Hogans traditionally have been built in two different styles; a cone-shaped or “forked stick” Hogan, which is considered a “male” version. The more common, six-sided or round version of the dwelling, is a rounded “female” one. These female hogans are constructed of logs or stone with a dome-shaped roof with a hole in the center for the ventilation of smoke. The dome-shaped roof is formed of cribbed logs covered with dirt. Its door should face east to welcome the rising Sun, promoting good fortune for the inhabitants.
What Navajo people in the distant past might not have realized is that they were engaged in building “green” energy-efficient homes long before it became fashionable. Natural sources of ventilation kept the Hogan cool in the summer, while the tightly packed mud walls and roof provided effective insulation year-round.
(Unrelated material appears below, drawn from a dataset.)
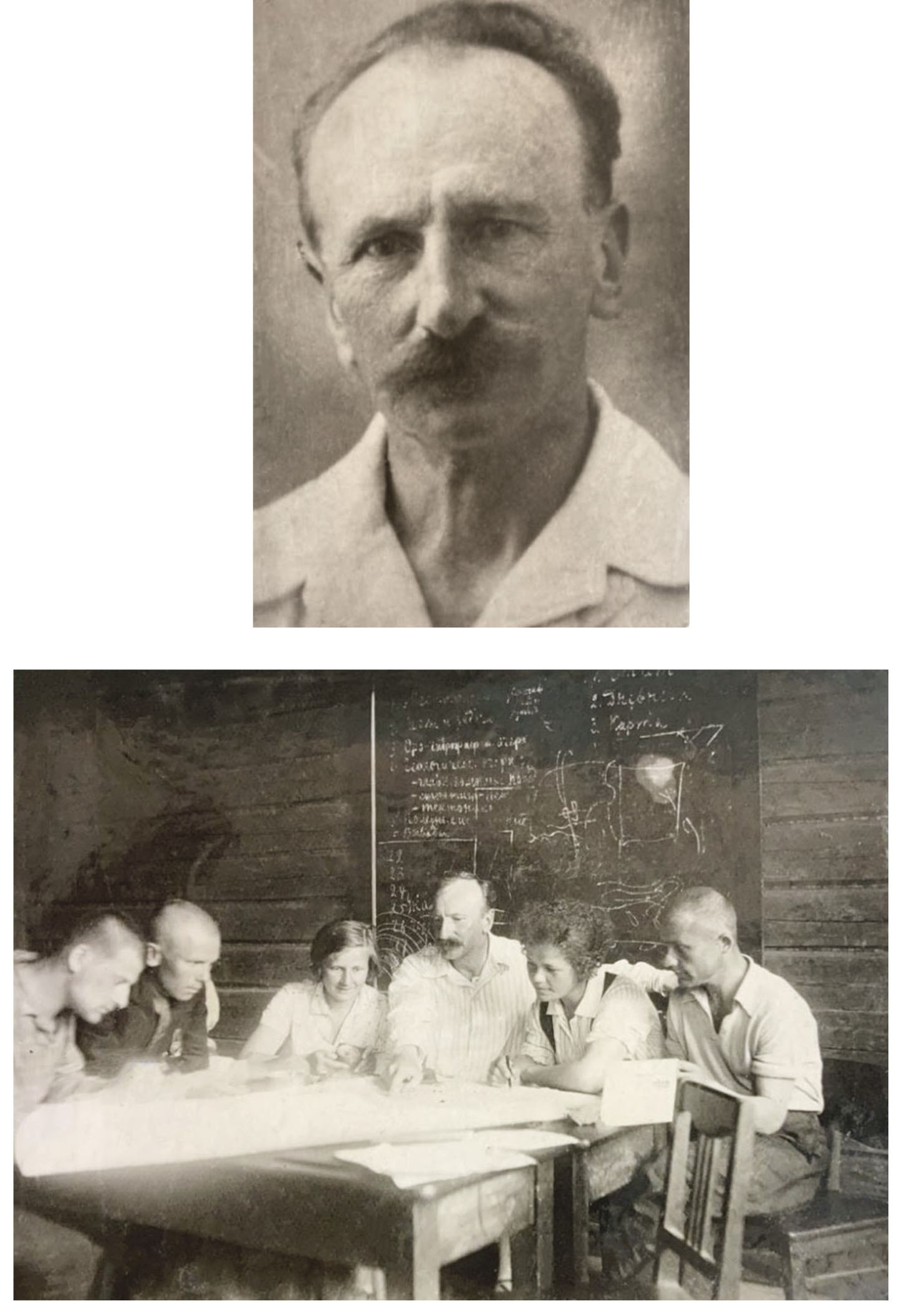 Горный институт расселен в Пятигорске; там живут В.Н. Зверев20, П.А. Грюше21 (рис. 7), Н.Н. Падуров22, Н.А. Елисеев23 (он не собирался умирать, как нам писали из Свердловска), Герман24, Гескин25и директор26 и, вероятно, еще кто-нибудь. У нас здесь были Грюше и Елисеев. Д.В. Никитин27 (рис ) умер по дороге, а здесь в больнице скончался от дистрофии и ее последствий Б.П. Асаткин28. Горный институт был очень озабочен начать занятия и искал себе подходящее помещение, но приезжавшее сюда начальство рекомендовало не начинать занятий до осени, когда, может быть, институт вернется домой, если же этого не будет, то они на зиму переедут в Орджоникидзе. Такое заявление начальство сделало всем другим учебным заведениям. На лето же студентов распределяют на работу по колхозам, куда уходит и часть профессоров, другая часть устраивается, как умеет (профессорам пока платят жалованье).

Of course, the Navajo people had their own practical purposes for staying comfortable without wasting their scarce resources.
In Navajo culture, Hogans are believed to have existed since the beginning of time, playing an important part in the Navajo creation story, in which, after forming the inaugural Hogan, the First Man teaches the Navajo people that every new Hogan must be ceremonially blessed after its construction. This blessing is performed by first touching the four main posts of the Hogan, which represent the four cardinal directions, then spreading cornmeal or corn pollen around the inside in a clockwise motion. This blessing is intended to make the Hogan strong enough to protect the family that lives inside from physical or spiritual harm. Other ceremonies, including healing, are also carried out in Hogans. For this reason, even if a Navajo family didn’t live in a Hogan, they would make sure there was at least one nearby.
Because Hogans are sacred, they are also associated with a variety of taboos. For example, if someone happens to die while in a Hogan, they are either buried inside or removed through a hole that is made in the northern wall. In either case, the Hogan is permanently abandoned by sealing the entry point or burning it to the ground.
In addition to serving as a home for the Navajo, Hogans have been customized throughout Navajo history to serve other purposes. Closing the smoke hole and inserting hot coals converts a Hogan into a sweatlodge. In the summer, a less insulated, more loosely constructed Hogan might suffice for a family dwelling. Today, while some Hogans continue to be lived in by Navajo people, most are maintained for strictly ceremonial purposes.